Scalar arguments to transcendental functions such as exponential, trigonometric and logarithmic functions, or to inhomogeneous polynomials, must be dimensionless quantities. (Note: this requirement is somewhat relaxed in Siano's orientational analysis described below, in which the square of certain dimensioned quantities are dimensionless.)

While most mathematical identities about dimensionless numbers translate in a straightforward manner to dimensional quantities, care must be taken with logarithms of ratios: the identity ##\log(a/b) = \log a − \log b##, where the logarithm is taken in any base, holds for dimensionless numbers ##a## and ##b##, but it does not hold if ##a## and ##b## are dimensional, because in this case the left-hand side is well-defined but the right-hand side is not.

See https://en.wikipedia.org/wiki/Dimensional_analysis, which sadly cites no source for these assertions.
 
  • #10
TeethWhitener said:
But then you get into trouble because mathematically: ln⁡k/k0=ln⁡k−ln⁡k0. The common consensus is simply to say "you can't do that," which is admittedly a little dissatisfying, but more accurate is to say that only unitless numbers can be inputs, and the unitless number can't be split into unitful numbers and have the properties of logarithms still apply.

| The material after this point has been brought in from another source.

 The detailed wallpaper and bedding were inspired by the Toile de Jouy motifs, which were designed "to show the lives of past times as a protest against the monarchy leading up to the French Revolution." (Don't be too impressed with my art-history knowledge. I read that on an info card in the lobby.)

To elaborate on this point a little bit, supposing you have a unitless number ##n##, there are infinite ways to arbitrarily write it as the product of two unitful numbers. For instance, if ##n=5##, we can just as easily say that ##n=25\text{ meters} \times\frac{1}{5}\text{ meters}^{-1}## as we can ##n=\sqrt{5}\text{ seconds}\times\sqrt{5}\text{ Hz}##. Mathematically it's all the same, so once you've arrived at a unitless argument for a logarithm, it really doesn't make much sense to separate pieces of the argument back out into unitful numbers because any choice of units will be arbitrary.
 
  • #11
Any function of a single dimensionful quantity is necessarily a power of that quantity. This follows from the Buckingham pi theorem. Assume that the dimensionful quantity is ##x## and that the result of some function of ##x## is ##y##. We are looking for a physical relationship between ##x## and ##y##, meaning that we must construct a dimensionless quantity ##\pi = x^a y^b## and the physical relationship necessarily takes the form ##f(\pi)=1## for some function ##f##. (Without loss of generalization, we can pick ##b=1##.) It follows that ##\pi## is necessarily a constant and thus ##y = \pi x^{-a}##.

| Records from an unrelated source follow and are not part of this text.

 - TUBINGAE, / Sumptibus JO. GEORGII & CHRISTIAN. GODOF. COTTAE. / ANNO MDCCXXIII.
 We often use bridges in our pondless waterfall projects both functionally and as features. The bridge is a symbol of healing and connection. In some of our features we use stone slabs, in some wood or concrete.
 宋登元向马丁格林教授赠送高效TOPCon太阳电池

Now with that said, people will many times cheat with logarithms due to the logarithm law ##\ln(ab) = \ln(a) + \ln(b)##. If ##a## and ##b## are dimensional, the above is technically nonsense since ##\ln## requires a dimensionless argument. However, the way to make sense of it is to squint and assume that whoever writes such a thing really means that we must assume to use the same base units for any included quantities. If ##ab## is dimensionless and we use a unit ##u_a## for ##a##, then the unit of ##b## is assumed to be ##u_b = 1/u_a## and therefore
$$
\ln(ab) = \ln(\lambda_a \lambda_b) = \ln(\lambda_a) + \ln(\lambda_b)
$$
where ##\lambda_x = x/u_x## is dimensionless. Thus, interpreting ##\ln(ab) = \ln(a)+\ln(b)## to really be an equation expressing relation between the values of ##a## and ##b## in a particular unit does make some sense.

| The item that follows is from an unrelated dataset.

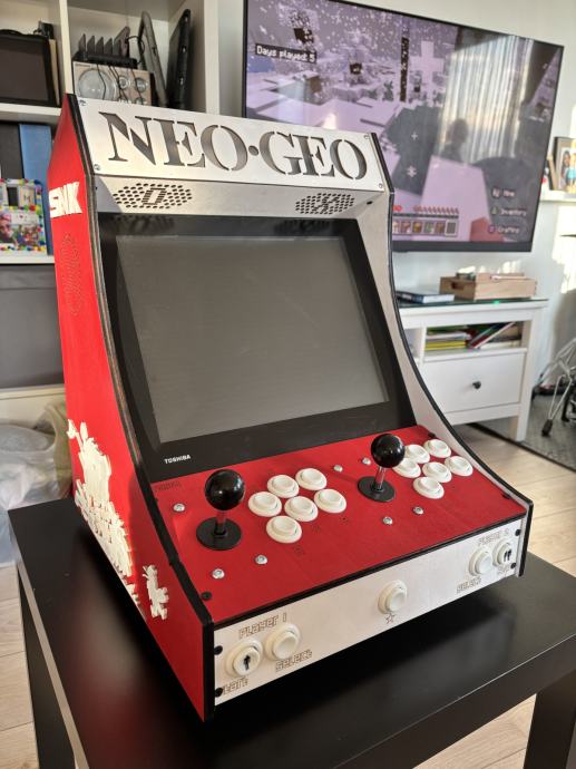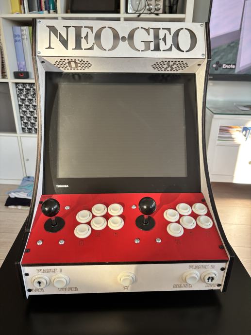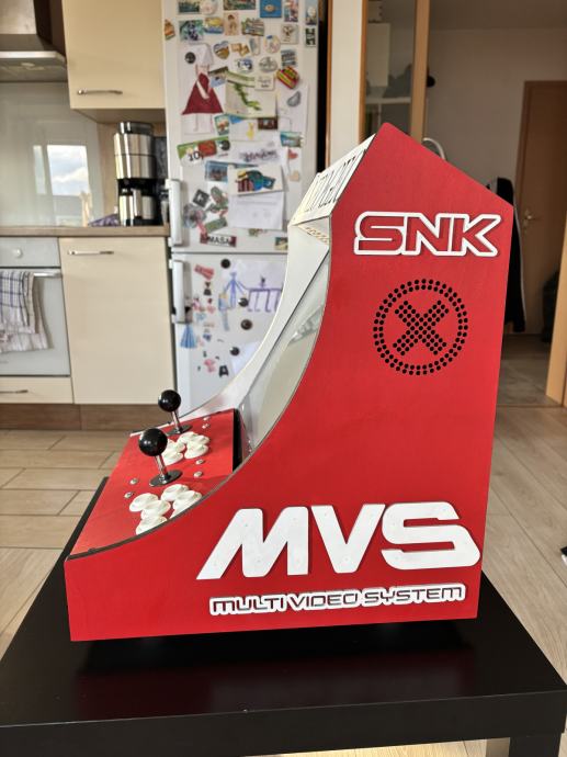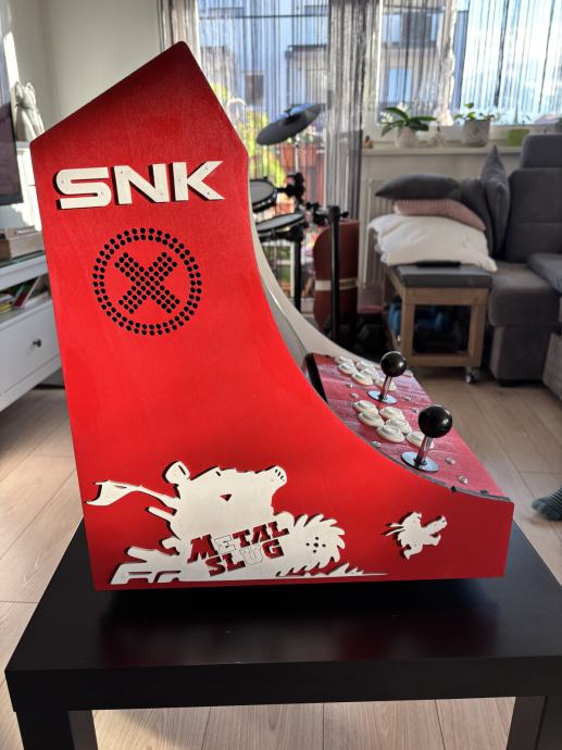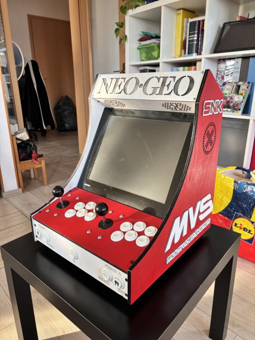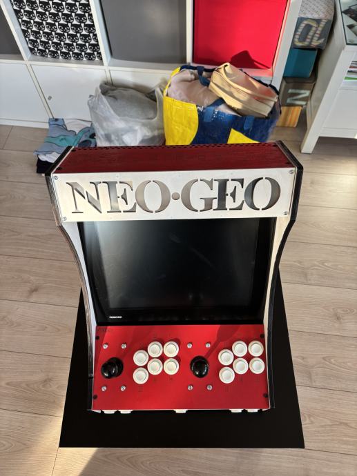 Prodajam ročno (!) izdelan igralni avtomat v tematiki "Neo Geo" rdeče barve. V tujini prav tako znan kot "Arcade Bartop".

Unfortunately, the Buckingham pi theorem is often not covered as well as it should be.
 
  • #12
Just to take a little more explicit example of the above. The Green’s function of the Laplace operator in two dimensions is of the form ##G(r) = \ln(r) - k## (modulo an overall multiplicative constant). However, ##r## has dimension length and what is really intended is ##\ln(r) - k = \ln(r)-\ln(r_0) = \ln(r/r_0)## with ##r_0## being some constant normalising lenth scale.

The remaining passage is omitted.